In February 1941, Whitleys from both squadrons took part in Operation Colossus, a commando raid on aqueducts in southern Italy. The RAF at that time did not have any suitable aircraft to transport troops over such a long-distance, however, the range of the Whitleys, and their ventral (side) gun turret, which was easily adapted into a jumping position for troops, made it ideal for the task. No. 12 (Blind Approach Training) Flight (later to become No. 1512 (Beam Approach Training) Flight) was formed at Dishforth in September 1941, flying Airspeed Oxfords.

In April 1941, No. 78 Sqn was posted to RAF Middleton St George, leaving No. 51 Sqn as the only occupant.
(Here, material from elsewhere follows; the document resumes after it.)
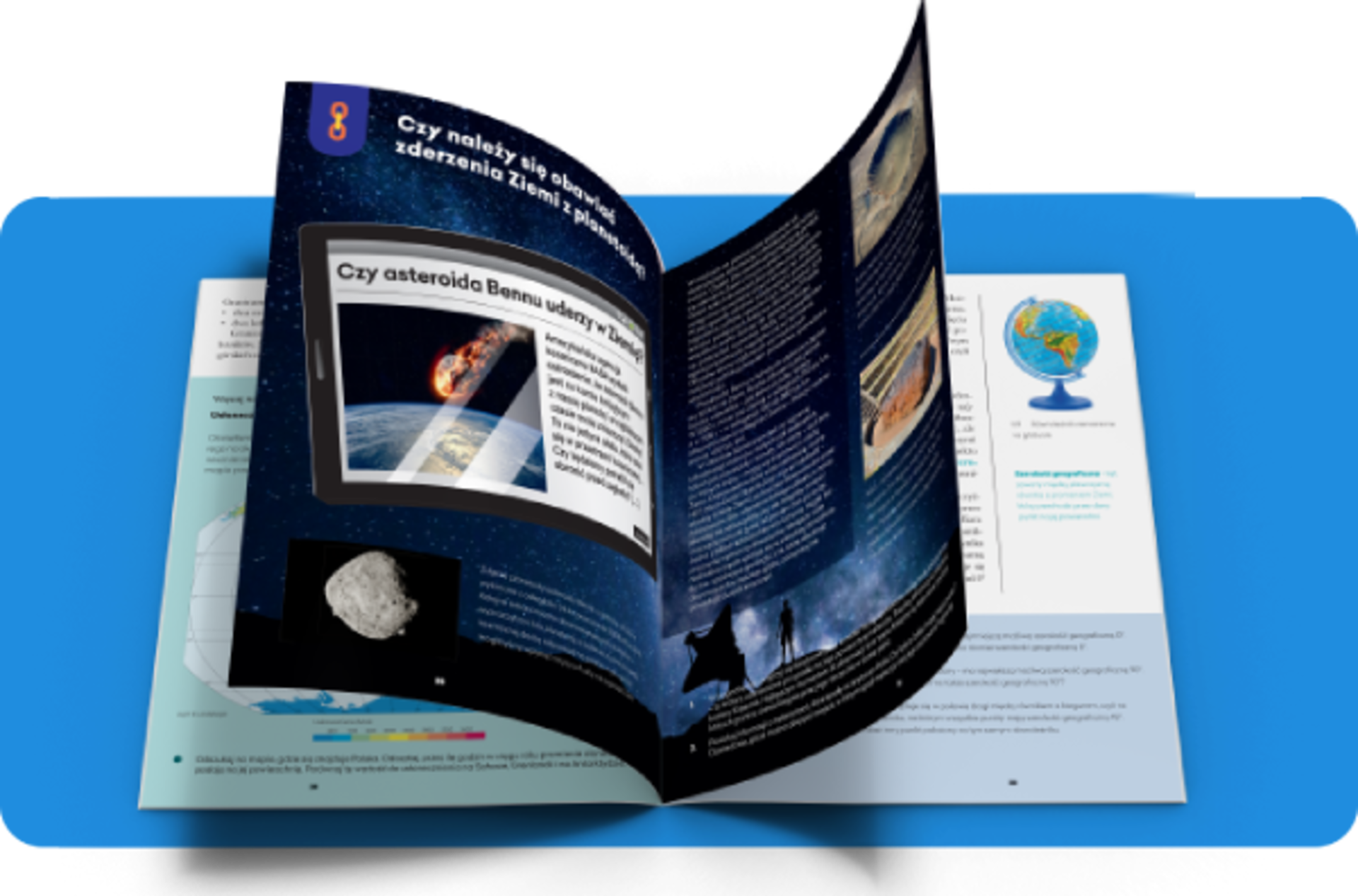 Rozbudza ciekawość poznawczą uczniów poprzez zamieszczenie w każdym temacie dużej liczby fotografii oraz rozpoczynanie każdego tematu lekcji modułem Podejmij temat – z intrygującą ilustracją bądź z pytaniami skłaniającymi uczniów do wypowiedzi i dzielenia się swoimi doświadczeniami z życia codziennego

In the almost three-year tour that 51 Sqn performed at Dishforth, they flew 1,806 sorties, and lost 50 aircraft (an attrition rate of 2.8%). In early 1942, the Whitleys of 51 Sqn took part in raid on a radar installation in Bruneval, and in Operation Chariot, the raid on St. Nazaire. In June 1942, the first of the Royal Canadian Air Force squadrons, No. 425 (Alouette), was formed with Vickers Wellington aircraft. The squadron set about training and carried out their first raid on the night of the 5 and 6 October. In the same month as No. 425 were undertaking their first operational missions, No. 426 (Thunderbird) Squadron was formed up at Dishforth, becoming operational in January 1943.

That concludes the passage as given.